Guest FirefoxRocks Posted January 23, 2008 Share Posted January 23, 2008 I was wondering if I could develop a program using JavaScript that can edit an XML file. This is because there is no server, only a browser which is used to display the XML file.The data needs to be stored in the XML file permanently, not just in memory. This may be an issue with browser security, but I hope it is possible.If there is a way to do this, it would be really helpful. Thanks. Link to comment Share on other sites More sharing options...
Ingolme Posted January 24, 2008 Share Posted January 24, 2008 It can't be done, it's insecure. Only server-side languages can edit files.If javascript could do it I could hack any site with ease. Link to comment Share on other sites More sharing options...
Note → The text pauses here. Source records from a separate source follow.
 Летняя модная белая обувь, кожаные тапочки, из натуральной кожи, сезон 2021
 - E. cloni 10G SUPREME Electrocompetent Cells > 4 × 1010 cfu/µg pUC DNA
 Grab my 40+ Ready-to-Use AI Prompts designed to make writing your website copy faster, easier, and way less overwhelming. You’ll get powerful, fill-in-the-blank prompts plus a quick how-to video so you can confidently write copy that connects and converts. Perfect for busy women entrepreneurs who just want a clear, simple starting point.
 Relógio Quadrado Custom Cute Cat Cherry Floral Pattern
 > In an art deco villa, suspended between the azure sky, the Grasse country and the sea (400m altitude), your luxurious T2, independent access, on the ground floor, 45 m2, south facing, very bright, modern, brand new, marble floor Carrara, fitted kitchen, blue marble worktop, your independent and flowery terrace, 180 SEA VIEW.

jesh Posted January 31, 2008 Share Posted January 31, 2008 If you are developing this for yourself, of if you are building this for an intranet where all the users have IE, you can use ActiveX's FileSystemObject to edit your XML files.On the other hand, if you want the world to be able to use this (or you want to use a better browser than IE), you'll have to do all the IO on a web server. Link to comment Share on other sites More sharing options...
Synook Posted February 1, 2008 Share Posted February 1, 2008 AJAX is useful for things like this. Link to comment Share on other sites More sharing options...
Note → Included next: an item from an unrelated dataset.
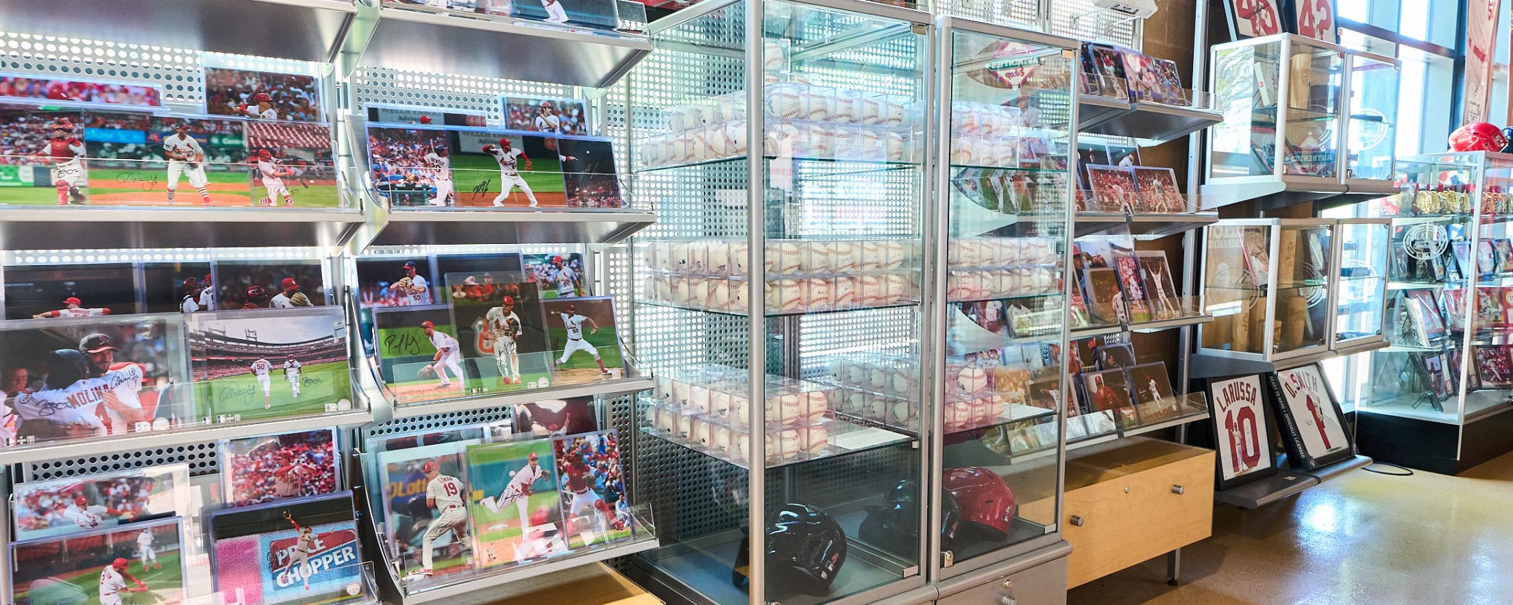 We provide fans the opportunity to take home a piece of the game every day; whether you are a Cardinals fan or MLB fan from out of town we are your "must stop" shop. Located below the Cardinals Museum.

Guest FirefoxRocks Posted February 2, 2008 Share Posted February 2, 2008 Well the organization doesn't have a web server. Any way I can edit the files on the local computer without opening the XML file in Notepad? Link to comment Share on other sites More sharing options...
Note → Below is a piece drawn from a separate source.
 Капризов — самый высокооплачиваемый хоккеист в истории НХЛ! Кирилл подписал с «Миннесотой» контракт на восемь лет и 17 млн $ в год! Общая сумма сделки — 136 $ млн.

boen_robot Posted February 2, 2008 Share Posted February 2, 2008 Well the organization doesn't have a web server. Any way I can edit the files on the local computer without opening the XML file in Notepad?Open it in any other text or GUI editor .That, or create an ActiveX control that would do it (essentially - create a new Windows XML editor).BTW, Infopath can create forms based on a schema or an inputted XML file. If you don't have a schema, and don't want to create one, and the XML file can't descibe all possibilities, you could create a blank form, and forge the XML model from there. Just be sure to keep the form field names the same as the names of the XML element you want to generate. Link to comment Share on other sites More sharing options...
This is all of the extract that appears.